■ WHAT TO PRODUCE ■
Please reproduce the entries exactly, skipping each picture.

DATA PROVIDED below:

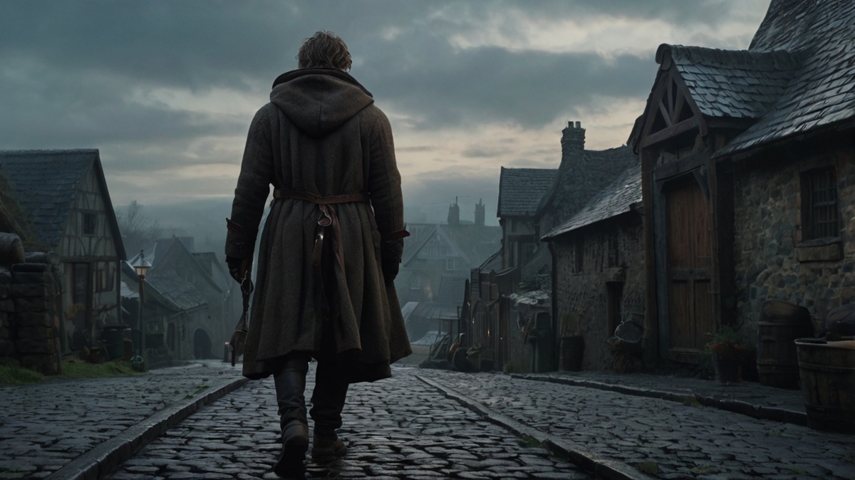 На улице раздался скрип колёс — первый звук утра, будто первая нота в тишине. Мирослав вышел из трактира «Корабельный колокол», прижимая к груди потёртую сумку. Плечи болели от вчерашнего напряжения, но походка его была уверенной. Ботинки глухо стучали по камням — каждый шаг звучал как обещание: вперёд.
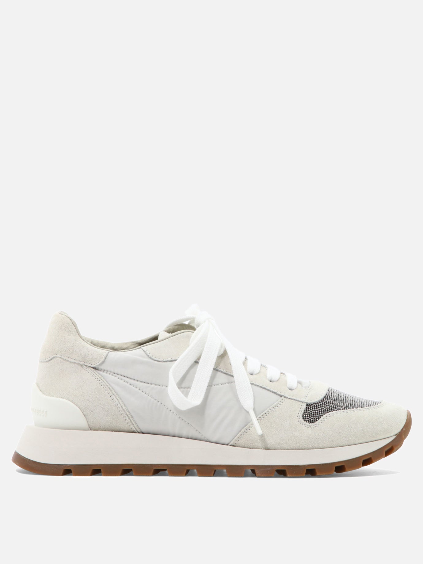 Brunello Cucinelli Precious Toe suede and techno fabric "Runners" sneakers with a low profile and rounded silhouette. Upper combines soft suede and techno fabric side panels with slight shiny effect. Monile embroidered detail at toe. Two-tone heel and back of sole with TPU insert and subtle grooves. Removable insole, lightweight fabric lining.
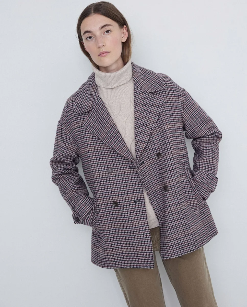 Dettaglio di sovrapposizione in tessuto regolabile con allacciature. Spacchi laterali. Chiusura laterale con cerniera nascosta nella cucitura.
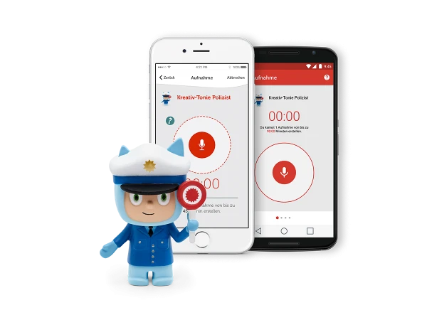 Eigene Musik oder Hörspiele mit der Toniebox hören? Mit dem Kreativ-Tonie wird dieser Wunsch wahr. Hier in Form des Polizisten. Voraussetzung ist ein kostenloses Toniecloud-Kundenkonto. Laden Sie eigene Audio-Inhalte einfach in die Cloud. Zum Bespielen des Kreativ-Tonies stellen Sie diesen wie gewohnt auf die Toniebox. Mit der Tonie-App für das Smartphone können Sie dann einfach die Inhalte auswählen, die mit dem Tonie verbunden werden sollen.
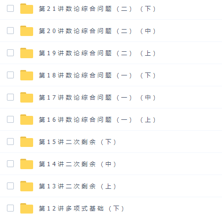 全国高中数学联赛竞赛遵循“课堂教学为主,课外活动为辅”的原则,此课件来自学而思网校,数学竞赛陈晨高二数学全国联赛班。此课件主要知识点包括:数论复习、同余复习、不定方程、多项式基础、二次剩余、数论综合问题等视频。

End of DATA PROVIDED.

■ EXERCISE RESPONSE ■
 На улице раздался скрип колёс — первый звук утра, будто первая нота в тишине. Мирослав вышел из трактира «Корабельный колокол», прижимая к груди потёртую сумку. Плечи болели от вчерашнего напряжения, но походка его была уверенной. Ботинки глухо стучали по камням — каждый шаг звучал как обещание: вперёд.
 Brunello Cucinelli Precious Toe suede and techno fabric "Runners" sneakers with a low profile and rounded silhouette. Upper combines soft suede and techno fabric side panels with slight shiny effect. Monile embroidered detail at toe. Two-tone heel and back of sole with TPU insert and subtle grooves. Removable insole, lightweight fabric lining.
 Dettaglio di sovrapposizione in tessuto regolabile con allacciature. Spacchi laterali. Chiusura laterale con cerniera nascosta nella cucitura.
 Eigene Musik oder Hörspiele mit der Toniebox hören? Mit dem Kreativ-Tonie wird dieser Wunsch wahr. Hier in Form des Polizisten. Voraussetzung ist ein kostenloses Toniecloud-Kundenkonto. Laden Sie eigene Audio-Inhalte einfach in die Cloud. Zum Bespielen des Kreativ-Tonies stellen Sie diesen wie gewohnt auf die Toniebox. Mit der Tonie-App für das Smartphone können Sie dann einfach die Inhalte auswählen, die mit dem Tonie verbunden werden sollen.
 全国高中数学联赛竞赛遵循“课堂教学为主,课外活动为辅”的原则,此课件来自学而思网校,数学竞赛陈晨高二数学全国联赛班。此课件主要知识点包括:数论复习、同余复习、不定方程、多项式基础、二次剩余、数论综合问题等视频。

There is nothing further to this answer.